A number of themes that Nibley has focused on in these essays anticipated and received support from later scholarship. For instance, Nibley has frequently emphasized the importance of secrecy in early Christianity, showing that there were levels of esoteric and exoteric doctrine and ritual in the structure of the New Testament church.4 A recent collection of essays entitled Secrecy in Religions5 has shown that secrecy is an important component in all religions. Speaking of Christianity specifically, Kees Bolle, the editor of that volume, writes, “It does not take much of an effort to find examples for the notion of secrecy in Christianity, and the examples do not occur on the fringes of the doctrine of God’s revelation; rather they point to the center.” 6 Nibley’s treatment of secrecy in early Christianity is valuable and persuasive.

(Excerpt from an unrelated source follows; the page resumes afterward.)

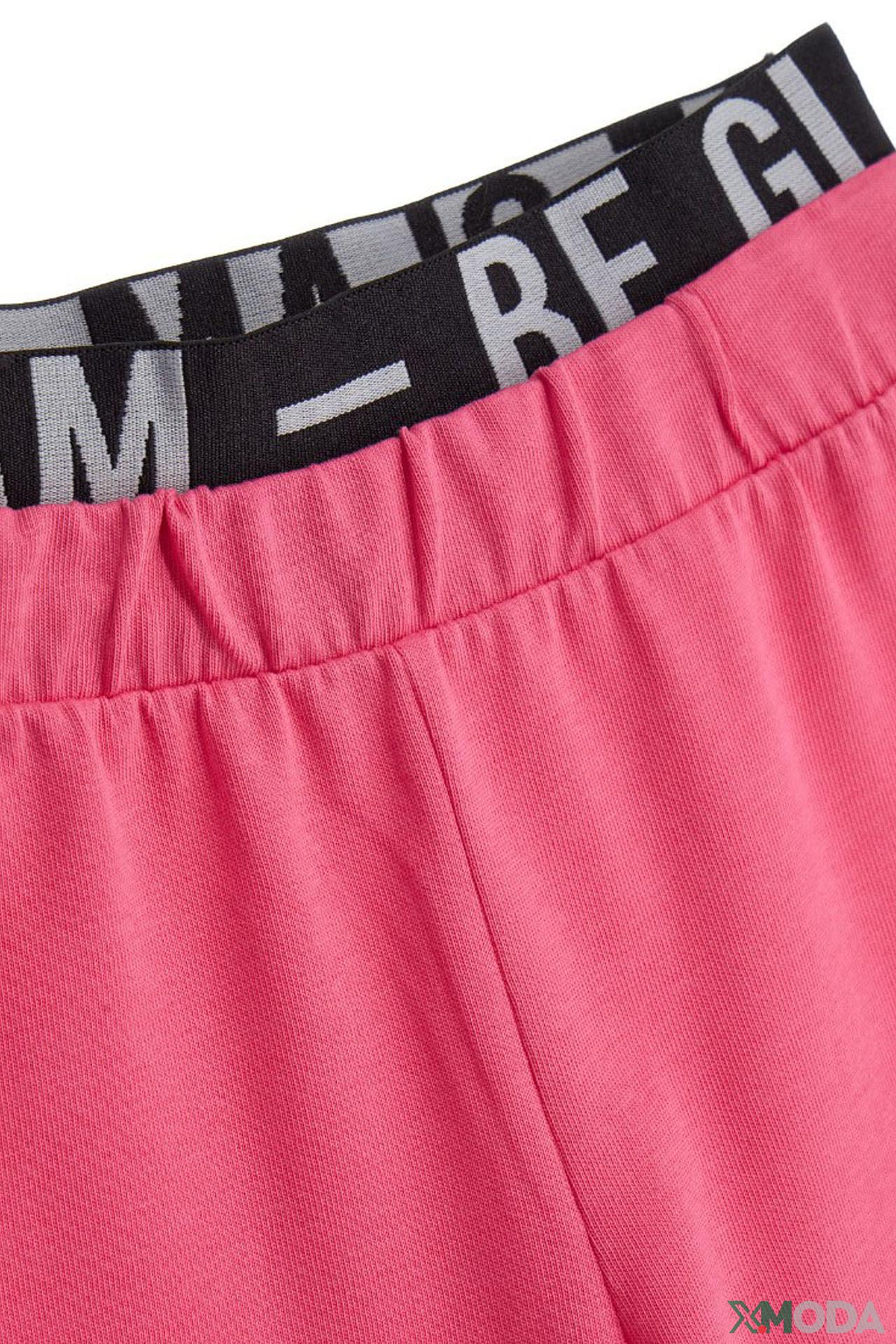 Розовые брюки с широким эластичным поясом, декорированным надписью, легко надеваются и не сковывают движения. Натуральный хлопок приятен к телу, позволяет коже дышать и не вызывает раздражения. Брюки отлично сочетаются с футболками, толстовками и другими элементами детского гардероба.

Another issue that these essays are centrally concerned with, and that has been widely discussed in recent years, is orthodoxy and heresy in the Christianity that immediately followed apostolic Christianity.7 Faced with the challenge of a Hellenized, ascetic Gnostic Christianity, how much did the more centralized and originally Judaic Christianity become like its enemy in order to compete? The very idea of a centralized Christianity has given way to a picture of early Christianity diverse and fragmented, where it is hard to define what is orthodox and what is heretical, what is Gnostic and what is “mainstream.” For instance, William Phipps has recently argued that Augustine’s influential doctrine of original sin derived from his Gnostic background and was, in reality, heretical, while Pelagius’ opposition to the idea was orthodox. But it was Augustine’s doctrine that won the day historically and has continued to influence Western theology and culture.8

One of the most remarkable things about these essays—”The Passing of the Primitive Church,” “The Forty-day Mission of Christ,” “Christian Envy of the Temple,” and “Jerusalem in Early Christianity”—is that they were published in non-Mormon scholarly publications. Instead of being content to write only for a sympathetic if occasionally uncritical Mormon audience, Nibley subjected these essays to the scrutiny of non-Mormon editors and scholars in leading, influential journals (and one of the articles, “The Passing of the Primitive Church,” spurred a brief, interesting debate in the pages of Church History).9 In doing this, Nibley has set a valuable example for other Mormon scholars; such publication in non-Mormon journals enables a dialogue to be opened up between Mormon and non-Mormon scholars, and it will encourage Mormon scholarship to measure up to the highest possible standards of historical inquiry.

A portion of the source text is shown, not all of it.